MATERIAL SUPPLIED: Begin

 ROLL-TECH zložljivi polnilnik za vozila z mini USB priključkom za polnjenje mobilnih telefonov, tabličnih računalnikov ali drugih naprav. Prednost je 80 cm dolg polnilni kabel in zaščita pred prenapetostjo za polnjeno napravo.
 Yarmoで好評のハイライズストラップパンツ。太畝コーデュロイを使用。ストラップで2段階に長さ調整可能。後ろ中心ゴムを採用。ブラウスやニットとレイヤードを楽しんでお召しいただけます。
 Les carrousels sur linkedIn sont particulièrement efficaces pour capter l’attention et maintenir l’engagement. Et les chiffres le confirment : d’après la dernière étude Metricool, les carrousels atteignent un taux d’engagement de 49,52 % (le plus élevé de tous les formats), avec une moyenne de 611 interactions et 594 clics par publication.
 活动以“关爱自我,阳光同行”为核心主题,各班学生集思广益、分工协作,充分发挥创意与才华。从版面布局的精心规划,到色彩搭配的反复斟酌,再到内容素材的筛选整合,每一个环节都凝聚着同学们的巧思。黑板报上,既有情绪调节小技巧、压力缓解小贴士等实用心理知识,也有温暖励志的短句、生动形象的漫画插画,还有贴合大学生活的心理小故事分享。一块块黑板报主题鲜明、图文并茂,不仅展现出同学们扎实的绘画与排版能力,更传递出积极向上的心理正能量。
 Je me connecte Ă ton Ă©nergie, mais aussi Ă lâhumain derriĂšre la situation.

MATERIAL SUPPLIED: End
MATERIAL SUPPLIED: Begin

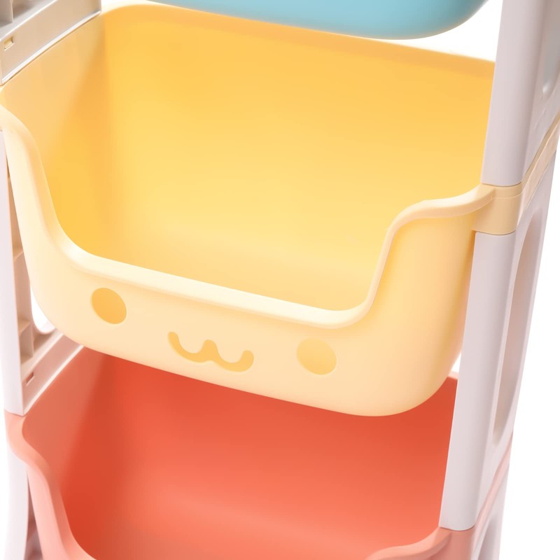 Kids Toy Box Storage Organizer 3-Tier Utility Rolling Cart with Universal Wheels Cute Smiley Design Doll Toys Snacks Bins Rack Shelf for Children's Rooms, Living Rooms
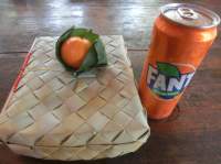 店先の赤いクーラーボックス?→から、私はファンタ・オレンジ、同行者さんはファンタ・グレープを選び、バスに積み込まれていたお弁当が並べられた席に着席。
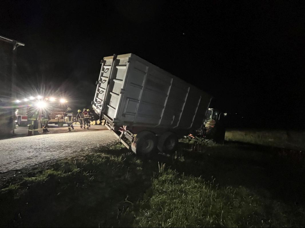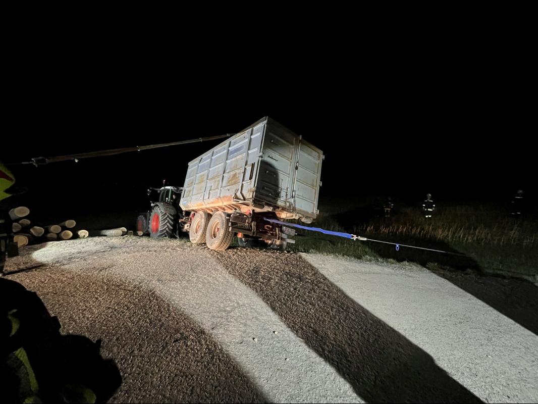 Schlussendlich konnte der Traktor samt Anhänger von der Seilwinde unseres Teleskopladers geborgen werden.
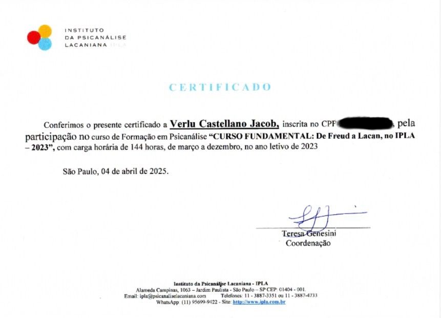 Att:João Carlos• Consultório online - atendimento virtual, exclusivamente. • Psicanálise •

MATERIAL SUPPLIED: End

WHAT THE TASK ASKS.
Could you restate word for word the lines above from the one containing "Les carrousels sur" through the one containing "Je me connecte", both included, and nothing else?

EXERCISE ANSWER.
 Les carrousels sur linkedIn sont particulièrement efficaces pour capter l’attention et maintenir l’engagement. Et les chiffres le confirment : d’après la dernière étude Metricool, les carrousels atteignent un taux d’engagement de 49,52 % (le plus élevé de tous les formats), avec une moyenne de 611 interactions et 594 clics par publication.
 活动以“关爱自我,阳光同行”为核心主题,各班学生集思广益、分工协作,充分发挥创意与才华。从版面布局的精心规划,到色彩搭配的反复斟酌,再到内容素材的筛选整合,每一个环节都凝聚着同学们的巧思。黑板报上,既有情绪调节小技巧、压力缓解小贴士等实用心理知识,也有温暖励志的短句、生动形象的漫画插画,还有贴合大学生活的心理小故事分享。一块块黑板报主题鲜明、图文并茂,不仅展现出同学们扎实的绘画与排版能力,更传递出积极向上的心理正能量。
 Je me connecte Ă ton Ă©nergie, mais aussi Ă lâhumain derriĂšre la situation.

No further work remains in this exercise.